Let h, Ω, φ be given as in Theorem 1.2. We only prove Theorem 1.2 for the case $$\varphi \in \mathfrak{F}$$ satisfying condition (a), and another case is discussed similarly. For $$t>0$$, we define the measure $$\sigma _{h,\varOmega ,P,\varphi ,t}$$ by

$$\widehat{\sigma _{h,\varOmega ,P,\varphi ,t}}(x)=\frac{1}{t^{\rho }} \int _{{t}/{2}< \vert y \vert \leq t}{\mathbf{e}}^{-2\pi iP(\varphi ( \vert y \vert ))x\cdot y'}\frac{h( \vert y \vert ) \varOmega (y')}{ \vert y \vert ^{n-\rho }} \,dy.$$
(3.8)

By Minkowski’s inequality and the change of variables, one can easily verify that

$$\mathfrak{M}_{h,\varOmega ,P,\varphi ,\rho }f(x) \leq \frac{1}{1-2^{- \tau }} \biggl( \int _{0}^{\infty } \bigl\vert \sigma _{h,\varOmega ,P,\varphi ,t}*f(x) \bigr\vert ^{2} \frac{dt}{t} \biggr)^{{1}/{2}}.$$
(3.9)

By Plancherel’s theorem and Fubini’s theorem, to prove Theorem 1.2, we only need to show that

$$\biggl\Vert \biggl( \int _{0}^{\infty } \bigl\vert \widehat{\sigma _{h,\varOmega ,P,\varphi ,t}}(\cdot ) \bigr\vert ^{2}\frac{dt}{t} \biggr)^{1/2} \biggr\Vert _{L^{\infty }(\mathbf{R}^{n})}\leq C \Vert h \Vert _{ \Delta _{\gamma }(\mathbf{R}_{+})} \Vert \varOmega \Vert _{H^{1}(\mathbf{S}^{n-1})},$$
(3.10)

where $$C>0$$ is independent of h, Ω and the coefficients of P, but depends on φ and N.

Invoking Lemma 2.1, (3.10) reduces to the following:

$$\biggl\Vert \biggl( \int _{0}^{\infty } \bigl\vert \widehat{\sigma _{h,\varOmega ,P,\varphi ,t}}(\cdot ) \bigr\vert ^{2}\frac{dt}{t} \biggr)^{{1}/{2}} \biggr\Vert _{L^{\infty }(\mathbf{R}^{n})}\leq C \Vert h \Vert _{ \Delta _{\gamma }(\mathbf{R}_{+})},$$
(3.11)

where Ω is a $$(1,\infty )$$ atom and $$C>0$$ is independent of h, Ω and the coefficients of P, but depends on φ and N.

Given $$\xi \neq (0,0,\ldots ,0)$$. To prove (3.11), we want to show that

$$\int _{0}^{\infty } \bigl\vert \widehat{\sigma _{h,\varOmega ,P,\varphi ,t}}(\xi ) \bigr\vert ^{2} \frac{dt}{t}\leq C \Vert h \Vert _{\Delta _{\gamma }(\mathbf{R}_{+})}^{2},$$
(3.12)

where Ω is a $$(1,\infty )$$ atom and $$C>0$$ is independent of h, Ω, ξ and the coefficients of P.

We now prove (3.12).

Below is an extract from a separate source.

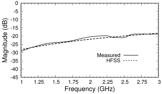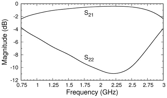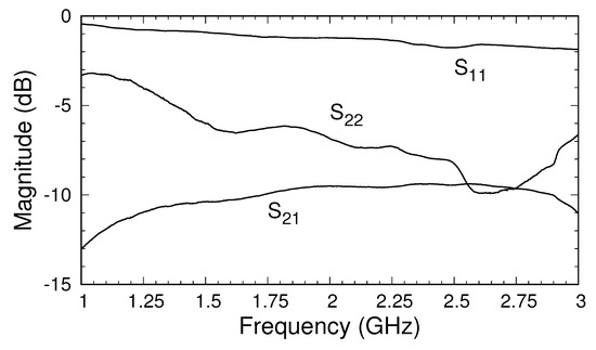 The calibration of the triaxial system was accomplished using brass short circuits of lengths 0, , and mm. The negative lengths indicate that the shorts extended into the triaxial structure by these distances and corresponded to electrical lengths of 0, , and at 3 GHz, the highest frequency in the band of interest. Employing the calibration routine described in Section 4, the system’s S-parameters for the transition regions were first found. Those for transition A, representing the center coax, correct for the phase shift and slight attenuation of the center cable. The S-parameters of transition B correct for the imperfect transmission from Port 2 to Port B and include the effects of reflections and higher-order mode generation at the connection of the center conductor of the side cable and the inner conductor of the outer cable. Figure 6 shows the magnitude of the S-parameters of transition B. The choice of position of the side cable relative to the top of the outer cable was made by examining the S-parameters of transition B for several possible placements. The decision to use a position of 40 mm was based on making as large and uniform as possible across the operating band of 0.75–3 GHz. The result was a transition with dB across the band.

Without loss of generality we may assume that Ω is a $$(1,\infty )$$ atom satisfying (2.1)–(2.3) with $$\vartheta =(1,0,\ldots ,0)$$ and only prove the case $$n\geq 3$$. Let b and $$N_{b}$$ be given as in the proof of Theorem 1.1. By some change of variables, we write

$$\widehat{\sigma _{h,\varOmega ,P,\varphi ,t}}(\xi )=\frac{1}{t^{\rho }} \int _{{t}/{2}}^{t}h(r) \int _{\mathbf{R}}N_{b}(s)\mathbf{e}^{-2\pi i P( \varphi (r))|\xi |r(\xi ')s}\,ds \frac{dr}{r^{1-\rho }}.$$
(3.13)

By (3.13) and Hölder’s inequality, we obtain that

$$\bigl\vert \widehat{\sigma _{h,\varOmega ,P,\varphi ,t}}(\xi ) \bigr\vert \leq C \Vert h \Vert _{ \Delta _{\gamma }(\mathbf{R}_{+})} \biggl( \int _{t/2}^{t} \biggl\vert \int _{ \mathbf{R}}N_{b}(s)\mathbf{e}^{-2\pi i P(\varphi (r)) \vert \xi \vert r(\xi ')s}\,ds \biggr\vert ^{\gamma '}\frac{dr}{r} \biggr)^{{1}/{\gamma '}}.$$

Hence, to prove (3.12), it suffices to show that

$$\int _{0}^{\infty } \biggl( \int _{t/2}^{t} \biggl\vert \int _{\mathbf{R}}N_{b}(s) \mathbf{e}^{-2\pi i P(\varphi (r)) \vert \xi \vert r(\xi ')s}\,ds \biggr\vert ^{\gamma '} \frac{dr}{r} \biggr)^{{2}/{\gamma '}} \frac{dt}{t}\leq C,$$
(3.14)

where $$C>0$$ is independent of h, Ω, ξ and the coefficients of P.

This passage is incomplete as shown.